As a side project, Narcissister also collaborates musically with the electronic and noise musician EarthMasters, and their first 10-track album, Subliminal Weight Loss, was released in October 2014.

==== 2015 - Present ====
In Marilyn (2016), Narcissister enacts a reverse strip tease by gradually dressing herself through garments pulled out of her vagina; ultimately, dressing identical to the original Hollywood blonde bombshell. The performance illustrates many of the defining concerns of her practice, of femininity and beauty, glamour and artifice. Two years later, she had a solo art exhibit at PARTICIPANT INC. Studies for Participatory Sculptures, which involved over two hundred collages, sculptures, and a large totemic sculpture that was central to the exhibit.
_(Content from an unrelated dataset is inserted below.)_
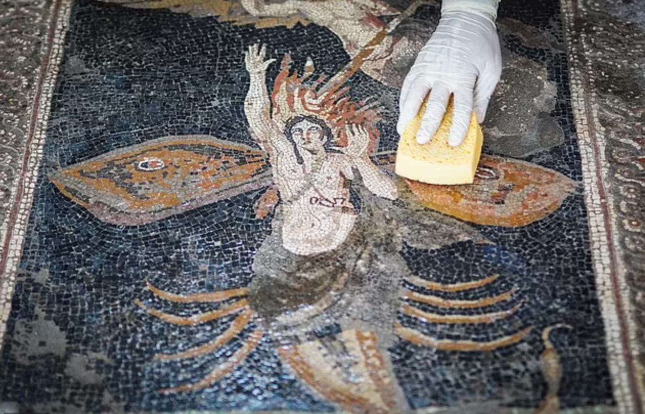 Археологи полагали, что в период своего расцвета термополий обслуживал бедных жителей древнего города, предлагая такие продукты, как утка, паэлья и улиток. «Мы знаем, что они ели в тот день», - сказал бывший руководитель археологического парка Помпеи Массимо Осанна (Massimo Osanna) еще в 2020 году. Кропотливые раскопки выявили многостороннюю сервировочную стойку с широкими отверстиями на ее верхней поверхности, в которых находились глубокие сосуды для горячих блюд, что очень похоже на то, что можно увидеть в современных буфетах и салат-барах. В одном контейнере археологи нашли фрагмент утиной кости, а в другом были останки различных животных, которых римляне ели, включая рыбу, коз, свиней и улиток. Исследователи также обнаружили девять амфор - высоких керамических кувшинов, используемых в древние времена для хранения еды и напитков, а также пару фляг, бронзовый ковш и керамический сосуд для масла. В одном кувшине были обнаружены следы измельченных бобов фава, которые римляне добавляли в вино, чтобы улучшить его вкус и осветлить его цвет. Покровителей термополия встречали яркие украшения, богато украшенные мозаичные полы и внутренние стены, окрашенные в желтый и оранжевый цвета с различными фресками, которые также украсили зигзагообразную сервировочную стойку. «Нарисованные изображения представляют, по крайней мере частично, продукты и напитки, которые продаются внутри», - объяснила штатный антрополог Помпеи Валерия Аморетти. Между тем, на другой фреске была изображена собака на поводке. Это было не единственное открытие в останках термополия, связанное с собаками, однако археологи также раскопали полный скелет взрослой собаки.

Through this work, the pornographic nature of them serve to both accept and refuse the historical representation of the feminine in art and pornography. For the Performa 17 biennial, Narcissister presented a collection of videos and performances titled The Body is a House. Then in 2019, she premiered a short film, Breast Work, at the Sundance Film Festival. By showing her breast in public, Narcissister is able to explore how restrictions on "female toplessness are grounded in fear of, and desire to control, the female body."

== Awards and honors ==
Narcissister won a Bessie Award in 2013 for her project Organ Player. Two years later, she won a Creative Capital grant for the same project. She was also a recipient of the Theo Westenberger Grant.

==Literature==
Ariel Osterweis (2015): Public Pubic: Narcissister's Performance of Race, Disavowal, and Aspiration. In: The Drama Review, Volume 59, Number 4, Winter 2015, pp. 101–116.

Sylvia Sadzinski (2017): Narcissister is You: radikaler Narzissmus, Kollektivität und das posthumane Subjekt. In: Änne Söll, Linda Hentschel (Ed.): kritische berichte 4.2016. Gend_r. Jonas Verlag.